> Activity: Once the line holding "Visual Representation of" is found in the entries below, transcribe exactly every line up to and including the one holding "There are a", but leave out the pictures.

> Data for processing:
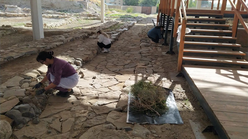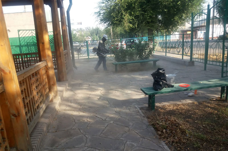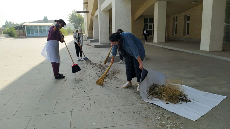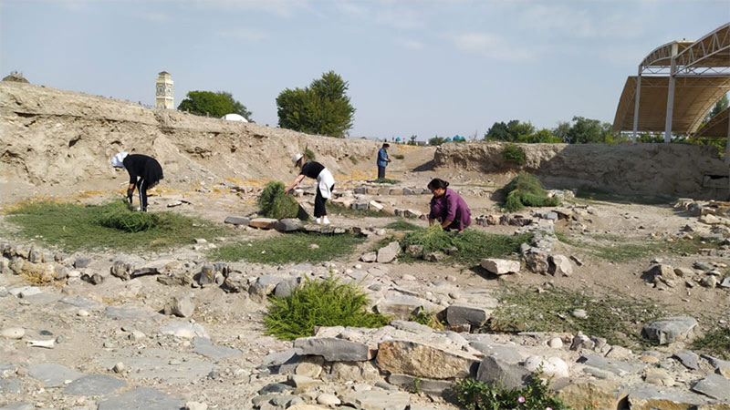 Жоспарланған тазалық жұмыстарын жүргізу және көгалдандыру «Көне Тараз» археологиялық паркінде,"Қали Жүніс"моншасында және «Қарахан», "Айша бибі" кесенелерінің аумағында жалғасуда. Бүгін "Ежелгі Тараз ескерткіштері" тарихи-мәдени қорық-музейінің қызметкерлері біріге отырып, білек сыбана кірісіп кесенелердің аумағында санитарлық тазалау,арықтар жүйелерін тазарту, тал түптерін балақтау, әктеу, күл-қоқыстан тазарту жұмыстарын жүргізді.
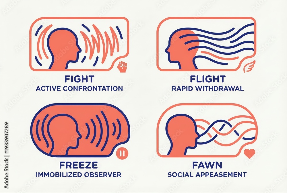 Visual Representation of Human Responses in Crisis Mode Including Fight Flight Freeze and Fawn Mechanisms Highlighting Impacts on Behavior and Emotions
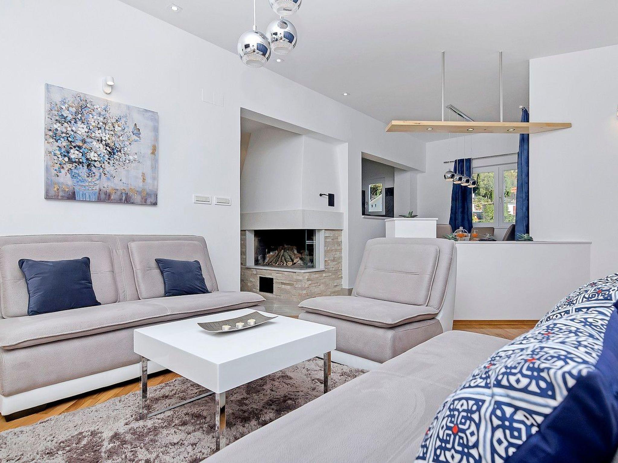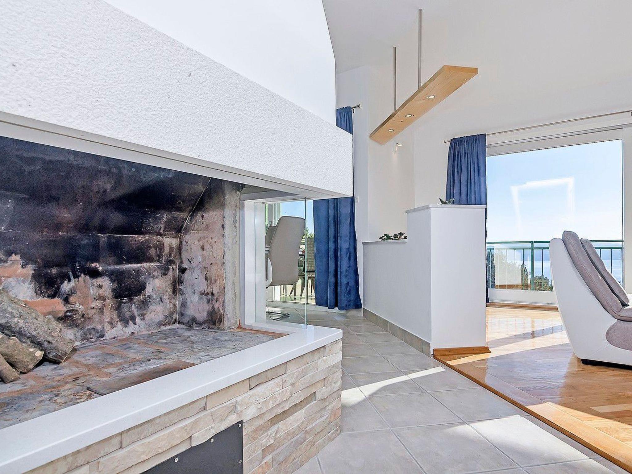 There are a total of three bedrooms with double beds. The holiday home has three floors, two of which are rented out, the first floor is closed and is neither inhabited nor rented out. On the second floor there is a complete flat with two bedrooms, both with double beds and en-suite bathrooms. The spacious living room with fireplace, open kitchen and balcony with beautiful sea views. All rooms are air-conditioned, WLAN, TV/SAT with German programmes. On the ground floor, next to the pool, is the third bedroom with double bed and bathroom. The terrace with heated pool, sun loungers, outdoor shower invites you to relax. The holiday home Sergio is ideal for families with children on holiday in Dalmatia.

---

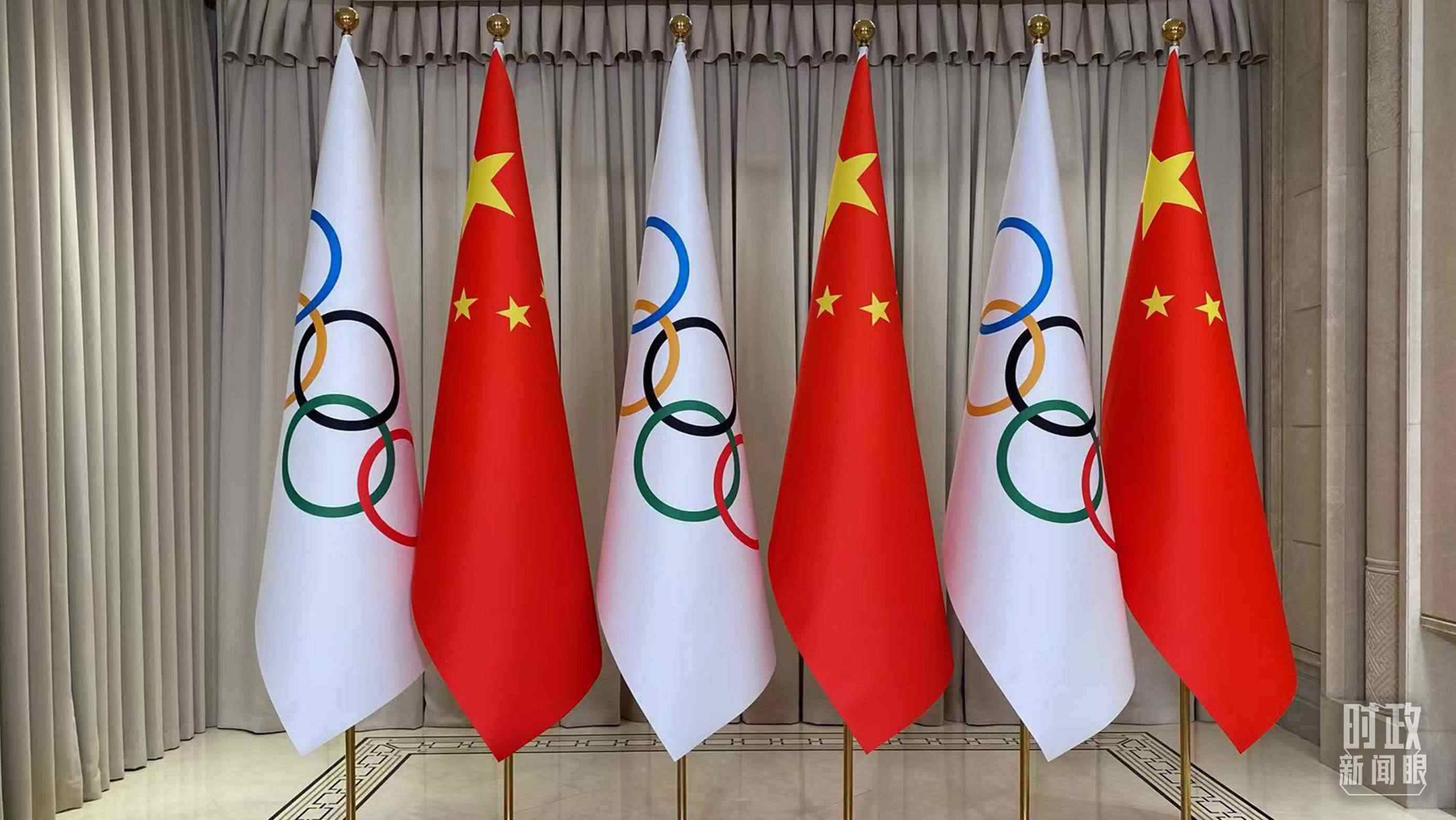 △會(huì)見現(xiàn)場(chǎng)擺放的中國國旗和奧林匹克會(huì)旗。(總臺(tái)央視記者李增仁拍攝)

> Answer below:
 Visual Representation of Human Responses in Crisis Mode Including Fight Flight Freeze and Fawn Mechanisms Highlighting Impacts on Behavior and Emotions
 There are a total of three bedrooms with double beds. The holiday home has three floors, two of which are rented out, the first floor is closed and is neither inhabited nor rented out. On the second floor there is a complete flat with two bedrooms, both with double beds and en-suite bathrooms. The spacious living room with fireplace, open kitchen and balcony with beautiful sea views. All rooms are air-conditioned, WLAN, TV/SAT with German programmes. On the ground floor, next to the pool, is the third bedroom with double bed and bathroom. The terrace with heated pool, sun loungers, outdoor shower invites you to relax. The holiday home Sergio is ideal for families with children on holiday in Dalmatia.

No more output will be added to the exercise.